AI Assistants Are Inventing Fake Web Addresses — and Criminals Are Buying Them Up
Researchers at Palo Alto Networks found that AI tools routinely make up plausible-sounding website addresses that don't exist. Criminals are registering those addresses before anyone notices — and one already built a full fraud operation using the same AI trick.

Key points
- Palo Alto Networks' Unit 42 published research on 30 June identifying 250,000 fake web addresses invented by AI tools across 685,339 queries to two AI models.
- The 913 brands studied also had 13,220 confirmed malicious URLs already circulating alongside the AI-generated ones.

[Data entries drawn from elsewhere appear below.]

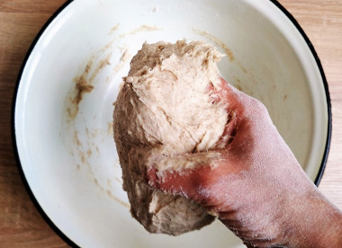 Переложите тесто из миски на стол или деревянную доску, присыпанную мукой, и вымешивайте его до тех пор, пока оно не перестанет быть липким и станет легко скатываться в шар. При необходимости подсыпьте муку.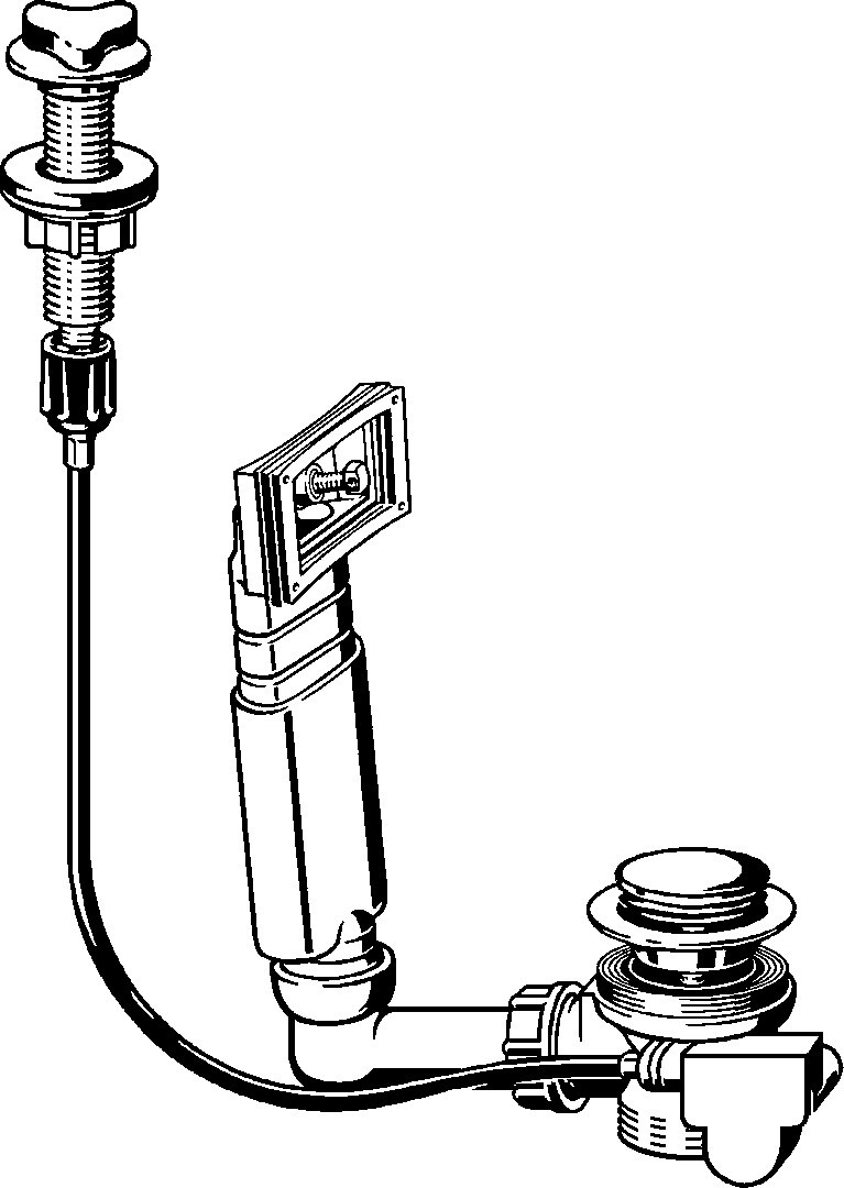 für Spülen, mit verchromter Drehgriffbetätigung, mit Ventiloberteil aus Edelstahl, mit höhenverstellbarem Überlaufrohr, mit Kugelgelenk, Ventilkegel verchromt, mit Überlaufdichtung (für gerade und gebogene Spülenwände)
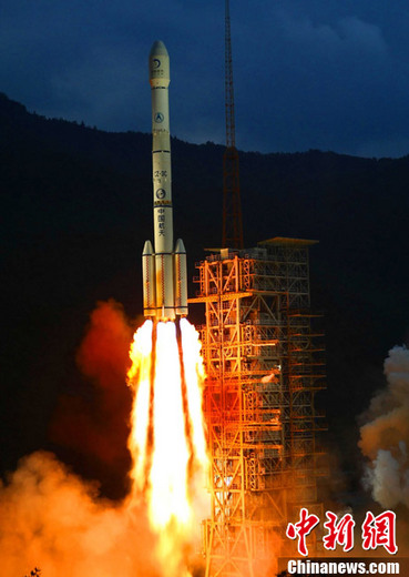 资料图:10月1日18时59分57秒,搭载着嫦娥二号卫星的长征三号丙运载火箭在西昌卫星发射中心点火发射升空。中新社记者 宋吉河 摄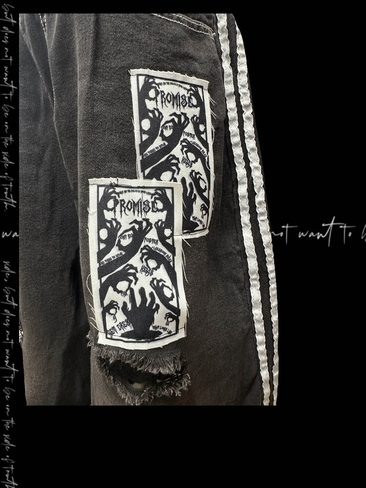 Black & White Stripes Distressed Holes Raw Hem Appliques Embellished Denim Shorts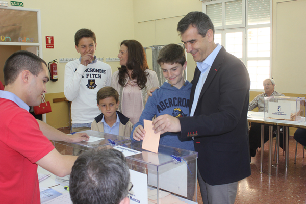 El candidato del PP a la Alcaldía de Guadalajara ha votado a las 12 horas acompañado de su familia.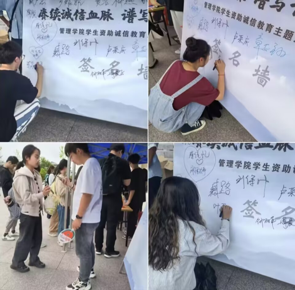 管理学院于5月25日在食堂前广场组织开展了以“赓续诚信血脉,谱写青春华章”为主题的资助诚信签名墙活动,引导学生诚信立身、承担责任、践行诚信、珍惜声誉。本次活动得到了同学们的积极响应,在诚信墙上留下自己的宣言,集体进行诚信宣誓。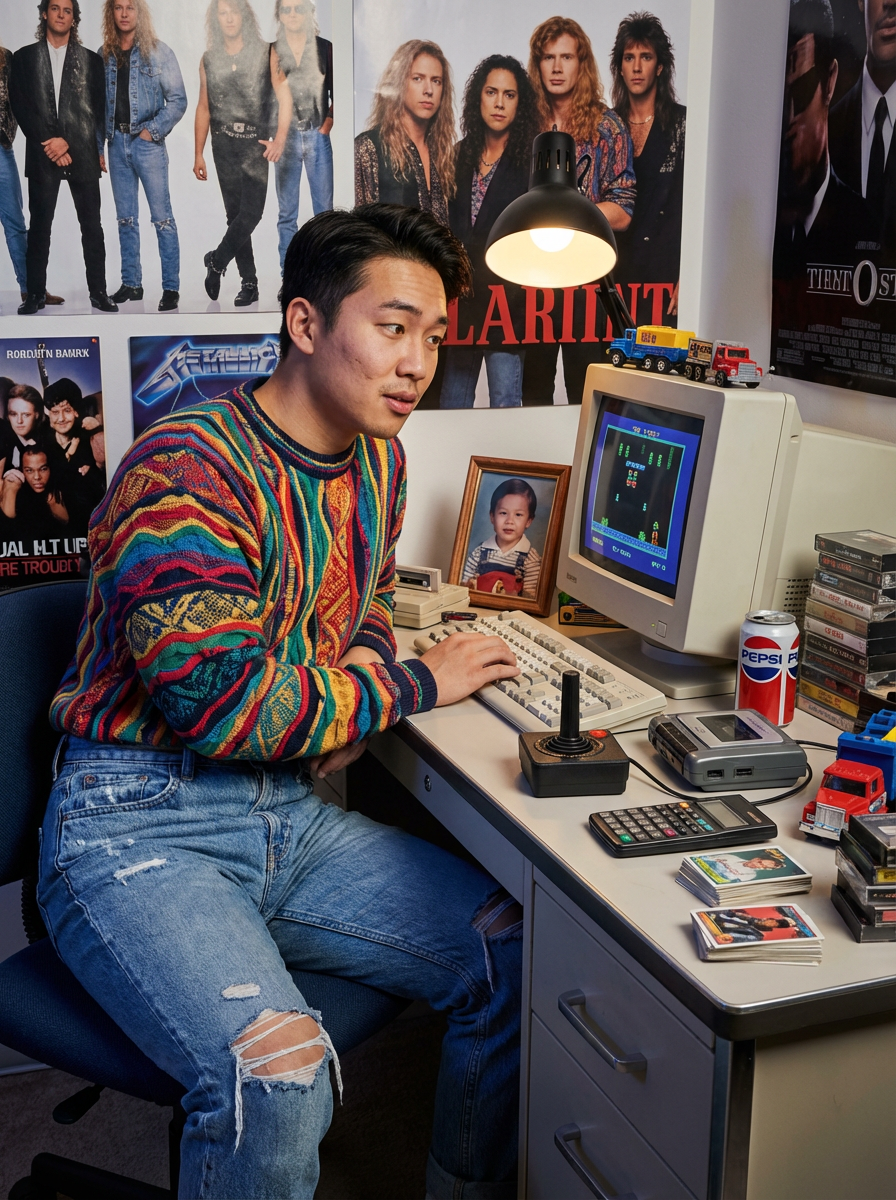 model sitting at a 90s themed desk setup. the model is dressed in 1990s fashion, wearing a colorful patterned sweater and high-waisted ripped blue jeans, evoking a sense of nostalgia. her expression is one of curiosity and intrigue as she interacts with the old computer. large posters are pinned to the wall above the desk. To the right, a vintage computer monitor displays a pixelated game screen. The desk is cluttered with items including a joystick, a cassette player, and a calculator. A framed photograph of a child is placed beside a Pepsi can. Toys, like a toy truck and cassette cases, are scattered across the desk, along with various gaming-related stickers and cards. An adjustable desk lamp illuminates the workspace, and colorful posters and flyers decorate the surrounding walls.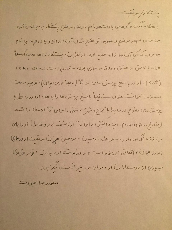 در سال 1381، او در پاسخ پرسش های "ما" (مجله معماری ایران)، هرچند به علت مسافرت نتوانست خود مستقیماً پاسخ پرسش ها را بدهد، در رابطه با پرسش های مطرح در رابطه با "برج و شهر"، متنی را برای "ما" ارسال داشت (مندرج در ش 10+11). این واکنش برای "ما" ارزشمند بود و خاطره ی او را برای من زنده نگه می دارد.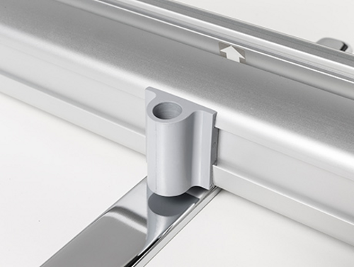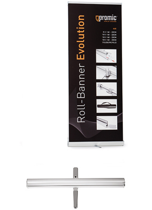 Das Roll Up Evolution hat eine sehr robuste Kassette aus Aluminium und verchromtem Stahl. Durch den externen Stangenhalter wird eine hohe Standfestigkeit und Gradlinigkeit des Bannersystems erreicht. Eine Teleskopstange mit "Easy-Clip System" ermöglicht einen einfachen Aufbau mit einer variablen Höhe zwischen 175 und 215 cm. Die Breite beträgt 85  cm. Das Evolution wird mit blickdichter Folie bestückt und in einer verstärkten Tasche mit Innenfutter ausgeliefert. Beachten Sie bitte die Dateivorgaben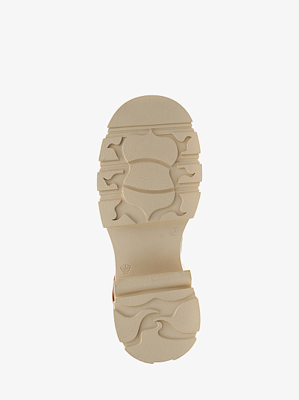 Ультрамодная обувь этого сезона — бежевые ботинки из матовой высокотехнологичной кожи с имитацией джинсов. Модель дополнена утепленной подкладкой и стелькой из ворсина. Потайная молния позволяет быстро обуваться. Массивная тракторная подошва обладает легким весом и амортизирует при ходьбе.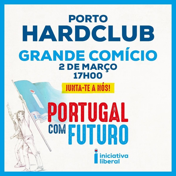 Já este sábado, dia 02 de Março, às 17h00, no Hard Club no Porto, teremos mais um momento de celebração dos valores liberais, fundamentais numa democracia que se quer livre, justa e inclusiva. É mais uma oportunidade para levarmos as nossas soluções para pôr Portugal a crescer e a funcionar a todos os portugueses: um grande comício com várias intervenções dos nossos candidatos e do Presidente da Iniciativa Liberal e, também, muita animação.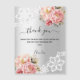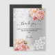Um fundo de olhar mal prateado. Decorado com rosas rosa, flores e rendas brancas. Escrita escrita com letras grandes com baloiços e o texto: Obrigado. Personalize e adicione a nota de agradecimento e o nome.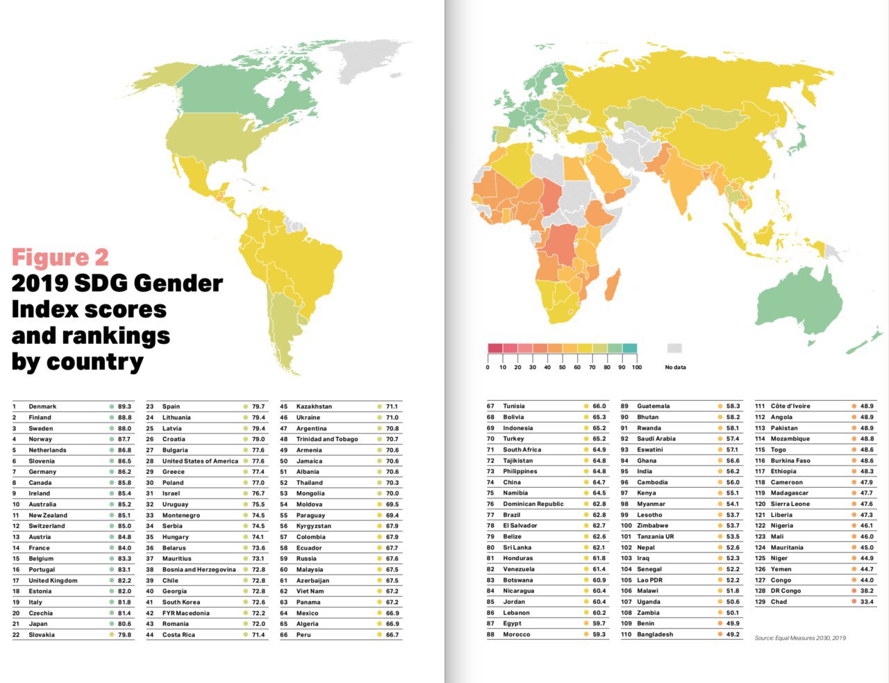 این گزارش که تاکید آن بر بررسی نابرابری جنسیتی را در حوزههای حق تحصیل، بهداشت، کار و دستمزد، خشونت جنسی، مشارکت سیاسی، محیط زیست و فقر است، میگوید که هیچ کشوری امتیاز «عالی» نمیگیرد. با اینحال همچون بسیاری از بررسیهای مشابه دیگر، نتیجه گرفت که وضعیت در کشورهای اسکاندیناوی بهتر از هر نقطه دیگر جهان است. با بررسی مجموع شاخصها و آمارها این گزارش اعلام کرد که دانمارک بهترین وضعیت را دارد و کشور چاد، بدترین وضعیت نابرابری جنسیتی را در میان کشورهای جهان دارد.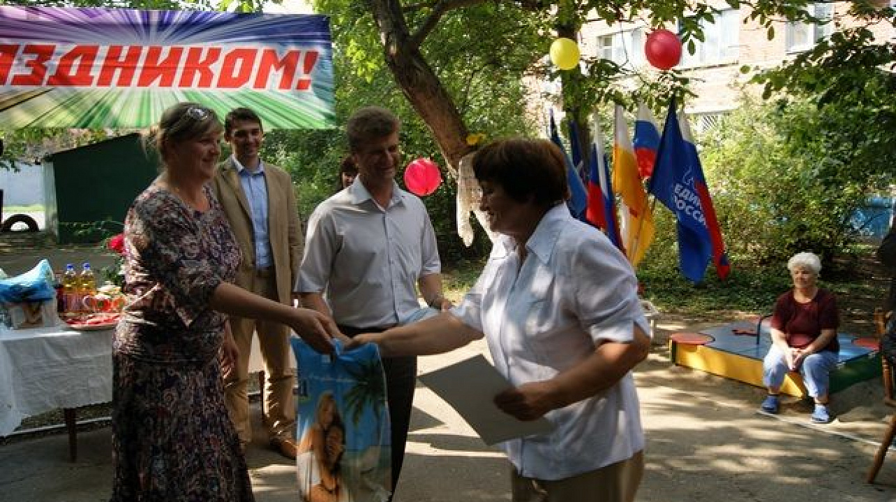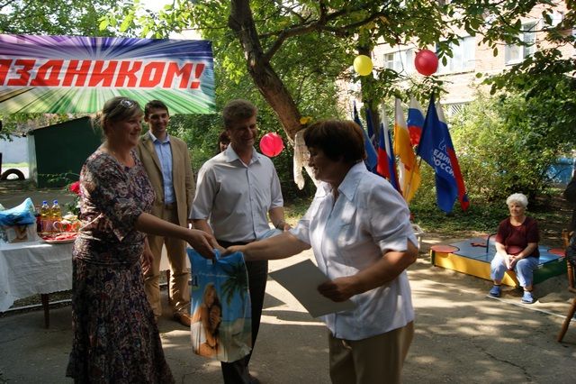 Провела праздник «хозяйка» этого двора – руководитель ТОС № 211 Надежда Гацкова. Она рассказала собравшимся об истории строительства дома, его заселении, которое прошло 21 год назад, о почетных жителях дома, а также жильцах, ухаживающих и благоустраивающих придомовую территорию.Руками жителей созданы и благоухают красивые цветники, посажены деревья, при поддержке депутата построена прекрасная детская площадка. Во дворе дома уютно, чисто, слышен детский смех, во двор заходят отдохнуть жители из других домов.

- In one documented case, criminals registered a flagged fake address 23 days after researchers first spotted it, then used it to steal login credentials.
- The criminals used an AI coding assistant to build the entire fraud kit — including copying real shop pages and setting up a hidden channel to collect stolen data.
- Security researchers warn the threat could eventually reach a point where no human click is needed at all, as AI systems act on bad recommendations automatically.
When you ask an AI assistant for help — finding a company's website, looking up a banking portal, or integrating a software tool — it sometimes invents a web address that sounds completely plausible but does not actually exist. Researchers call this "hallucination," the tendency of large language models (AI systems trained on enormous amounts of text) to confidently produce wrong answers.
Criminals have spotted the pattern.
A report from Palo Alto Networks' Unit 42 security research team, published 30 June, shows attackers are now systematically querying AI tools to find the fake addresses those tools generate most often, then registering those addresses as real websites. The tactic has a name: phantom squatting.
How does phantom squatting actually work?
The attack follows a straightforward four-step loop. Criminals probe AI tools with questions about real brands. They note which invented web addresses appear repeatedly. They register those addresses — a process that costs just a few dollars per domain. Then they park malicious content there and wait for someone, or something, to follow the AI's recommendation.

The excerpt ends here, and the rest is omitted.